Tuesday, April 19, 2011

From "Come and See" to "Come and Die"


Discipleship is a process.

First you get people to repent and receive Christ, then to love Christ, then to grow in Christ, then to serve Christ, then the share Christ.  At PCC we’ve been doing this for thirteen years.

Consider the method of Jesus.  When He first called His disciples to leave their vocations and follow Him, He said, “Come and see.”  That is the entry point for faith.  Then over 3 ½ years of personal mentoring (discipleship) Jesus turns up the heat on His followers and redefines commitment.  He starts saying things like, “You are my disciple if you love one another… if you bear fruit… if you take up your cross, deny yourself, and follow Me.” 

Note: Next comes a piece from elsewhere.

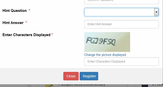 ശേഷം കാണുന്ന ഇമേജ് കോഡ് ടൈപ്പ് ചെയ്ത് രെജിസ്റ്റർ ബട്ടൺ ക്ളിക്ക് ചെയ്യുക. ഉടൻ നാം രെജിസ്റ്റർ ചെയ്ത ഇമെയിൽ ഐഡിയിലേക്ക് ഒരു ആക്ടിവേഷൻ ലിങ്ക് വരികയും ഇമെയിൽ ഇൻബോക്സ് തുറന്ന് അതിൽ ക്ലിക്ക് ചെയ്ത് നമ്മുടെ അപേക്ഷ ഫോം പൂർത്തീകരിക്കുകയും ചെയ്യുക. ശേഷം പൂരിപ്പിച്ച അപേക്ഷയുടെ പ്രിൻ്റൗട്ട് എടുത്ത് ആവശ്യമായ രേഖകളും ഫീസും സഹിതം ഇന്ത്യൻ പാസ്പോർട്ട് സേവനങ്ങൾ നൽകുന്ന വി എഫ് എസ് പോലുള്ള പ്രത്യേക ഏജൻസികളിൽ നേരിട്ട് പോയി സമർപ്പിക്കുകയാണു ചെയ്യേണ്ടത്.

When Jesus talked about His disciples ‘taking up a cross’ He was communicating to them the concept of ‘dying to self.’  A cross was an instrument of death – a method of execution used by the Romans.  He was now telling them to “Come and die.

There is a huge difference between “Come and See” and “Come and Die.”  Jesus doesn’t say “come and die” at the very first.  He takes three years to move them to that place.

This is exactly where many churches miss the point.  They choose between one or the other.  Some churches are “Come and See” churches; they bring in a lot of people through the front doors and win lost people to Christ,  but do very little to deepen their faith to deeper levels of maturity.  Other churches are “Come and Die” churches; they don’t reach anyone for Christ, but they just keep taking the same group of (frozen chosen) believers deeper, and deeper, and deeper, etc.

Healthy churches are those who have figured out how to balance both evangelism and discipleship.